** About this task **
Reproduce, without alteration, every line of the data; exclude the images.

(Recorded data)
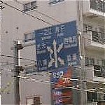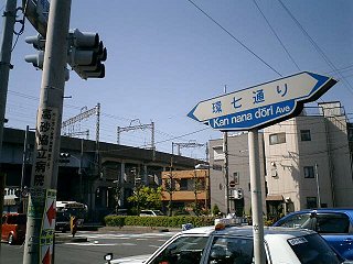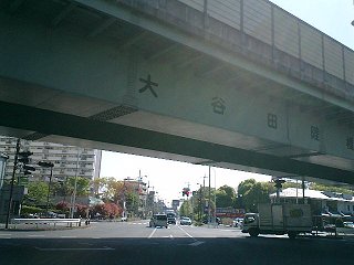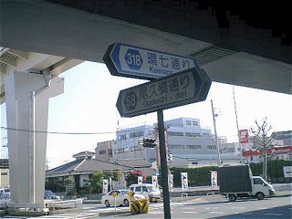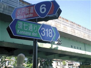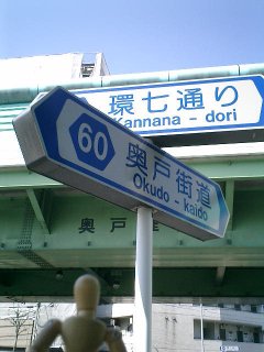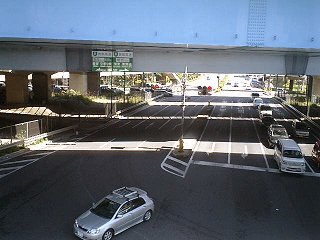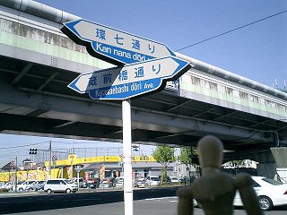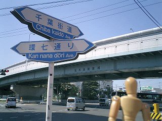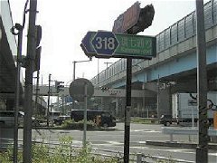 環七通りのの右側を走り続けているので、車道の案内板はちょっと見づらい。そんな見づらい案内板でも、ふと目に入ったのがこれ。矢印だらけで、一瞬どんな交差点になってるのだか、よくわからない。 で、実際にここに来てみたら、普通の十字路の交差点の上を、斜めに環七通りが陸橋で横切っているという状態だった(写真上参照)。 |
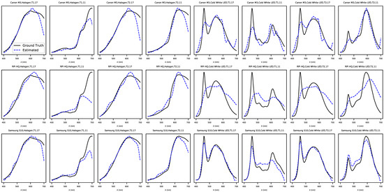 A random selection of relative spectra estimated using the best presented method, the non-negative deconvolution model (blue dashed line) compared against the relative ground truth spectra (black solid line). Each row shows spectra for a single camera with the first half of columns imaged under halogen illumination and the second half under cold white LED illumination.
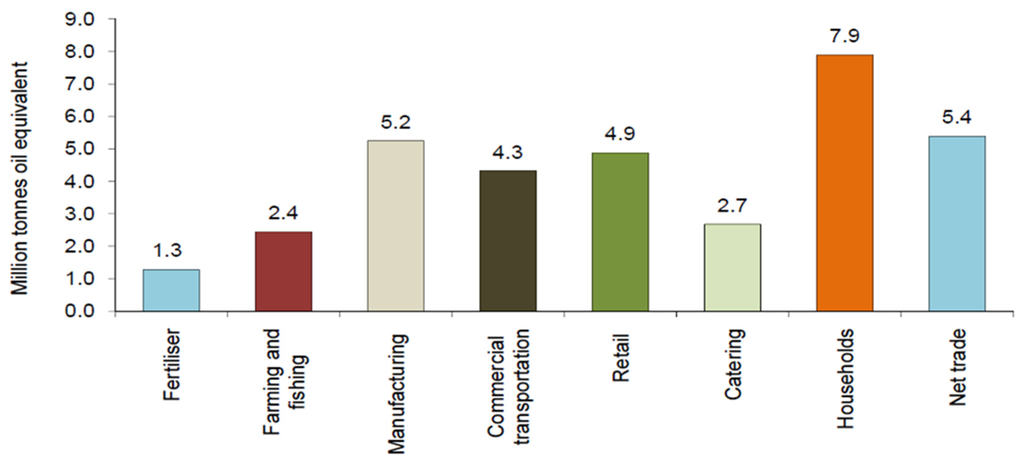 If the current minimum loss and waste percentages in each food supply chain step was to be applied everywhere, approximately half of the food supply losses could be saved, and therefore their associated resources [52]. It is, therefore, clear that the application of a EWFN approach can be crucial in serving to underline the opportunity for improving overall resource efficiency offered by reducing wastage (in terms of food, energy and water) at all stages within the food chain [24,62,96] and can foster productive recycling of food no longer fit for consumption as animal feed or as a source of energy [7].
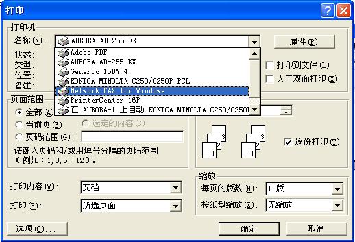 2、 在打印機名稱里選擇“Network Fax For Windows”,單擊“確定”
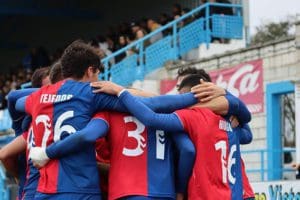 Celebración del gol de Diego Núñez con el Rayo Majadahonda ante el Coria, en su tercer partido disputado con la camiseta rayista
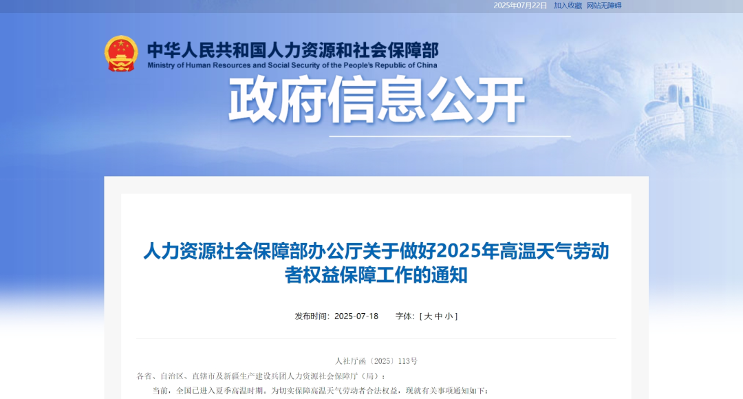 日前,人力资源社会保障部办公厅就2025年做好高温天气劳动者权益保障工作发出通知。全文如下:
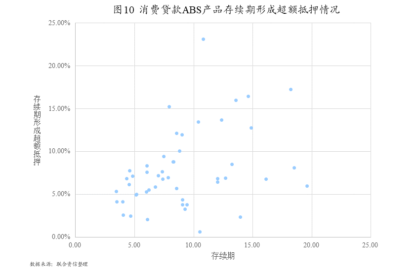 因消费贷款利率相对较高,消费贷款ABS产品通常存在可观的超额利差,是存续期形成超额抵押的主要推动力。同时,数据显示,存续期形成超额抵押的大小与证券存续期限以及循环购买的次数有关。超额利差越大、存续期越长(通常意味着更多的循环购买次数),存续期将形成更多的超额抵押。本次纳入统计的49单消费贷款产品存续期内均产生了正超额抵押(如图10),超额抵押的形成是很多消费贷款ABS夹层档证券信用等级得以提升的重要因素。

** Response **
 環七通りのの右側を走り続けているので、車道の案内板はちょっと見づらい。そんな見づらい案内板でも、ふと目に入ったのがこれ。矢印だらけで、一瞬どんな交差点になってるのだか、よくわからない。 で、実際にここに来てみたら、普通の十字路の交差点の上を、斜めに環七通りが陸橋で横切っているという状態だった(写真上参照)。 |
 A random selection of relative spectra estimated using the best presented method, the non-negative deconvolution model (blue dashed line) compared against the relative ground truth spectra (black solid line). Each row shows spectra for a single camera with the first half of columns imaged under halogen illumination and the second half under cold white LED illumination.
 If the current minimum loss and waste percentages in each food supply chain step was to be applied everywhere, approximately half of the food supply losses could be saved, and therefore their associated resources [52]. It is, therefore, clear that the application of a EWFN approach can be crucial in serving to underline the opportunity for improving overall resource efficiency offered by reducing wastage (in terms of food, energy and water) at all stages within the food chain [24,62,96] and can foster productive recycling of food no longer fit for consumption as animal feed or as a source of energy [7].
 2、 在打印機名稱里選擇“Network Fax For Windows”,單擊“確定”
 Celebración del gol de Diego Núñez con el Rayo Majadahonda ante el Coria, en su tercer partido disputado con la camiseta rayista
 日前,人力资源社会保障部办公厅就2025年做好高温天气劳动者权益保障工作发出通知。全文如下:
 因消费贷款利率相对较高,消费贷款ABS产品通常存在可观的超额利差,是存续期形成超额抵押的主要推动力。同时,数据显示,存续期形成超额抵押的大小与证券存续期限以及循环购买的次数有关。超额利差越大、存续期越长(通常意味着更多的循环购买次数),存续期将形成更多的超额抵押。本次纳入统计的49单消费贷款产品存续期内均产生了正超额抵押(如图10),超额抵押的形成是很多消费贷款ABS夹层档证券信用等级得以提升的重要因素。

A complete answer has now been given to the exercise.